The above diagram shows that selective JAK1 inhibition manages to control the RA disease process while limiting the side effects witnessed while using JAK2 and JAK3 inhibitors.

AbbVie also tested ABT-494’s efficacy based on RA trials with other investigational selective JAK1 inhibitors such as Galapagos NV’s (GLPG) Filgotinib and Eli Lilly (LLY) and Incyte’s (INCY) Baricitinib.

According to, “A number [is given] indicating how much a person’s rheumatoid arthritis [RA] has improved, based on guidelines set forth by the American College of Rheumatology [ACR]. The ACR score represents a percentage. An ACR20 score means that a person’s RA has improved by 20%, an ACR50 score means it has improved by 50%, and an ACR70 score means it has improved by 70%.”

Based on ACR20, ACR50, and ACR70 scores for Filgotinib, Baricitinib, and ABT-494, respectively, ABT-494 demonstrated higher efficacy than its peers.

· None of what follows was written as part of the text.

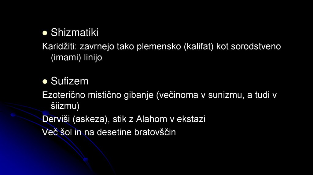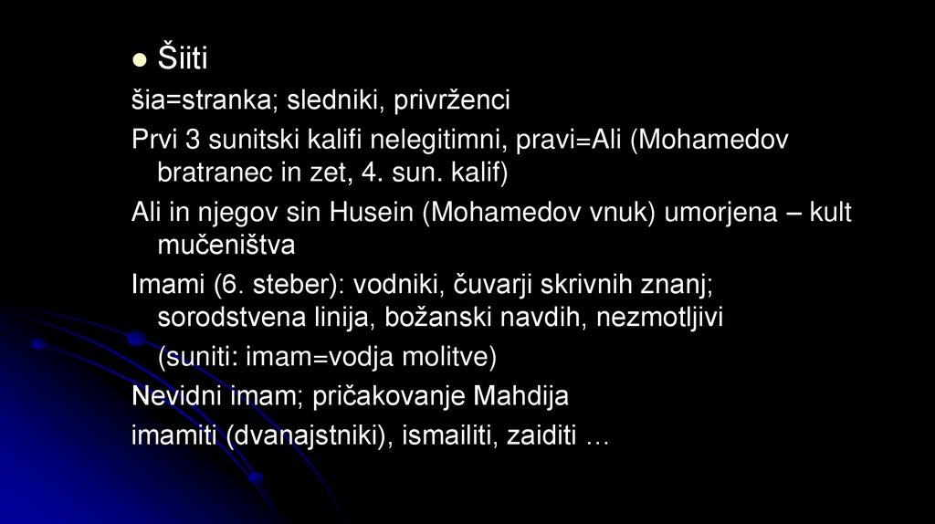 imamiti (dvanajstniki), ismailiti, zaiditi …

While ABT-494 was dosed twice daily in Phase 2 trials, AbbVie is testing the use of the drug as a single daily dosage in its Phase 3 trials. If successful, the single dosage regimen will result in better dosage adherence, improving ABT-494’s commercial prospects.

In the next article, we’ll study Humira’s growth prospects and how they could affect AbbVie’s share price in 2016.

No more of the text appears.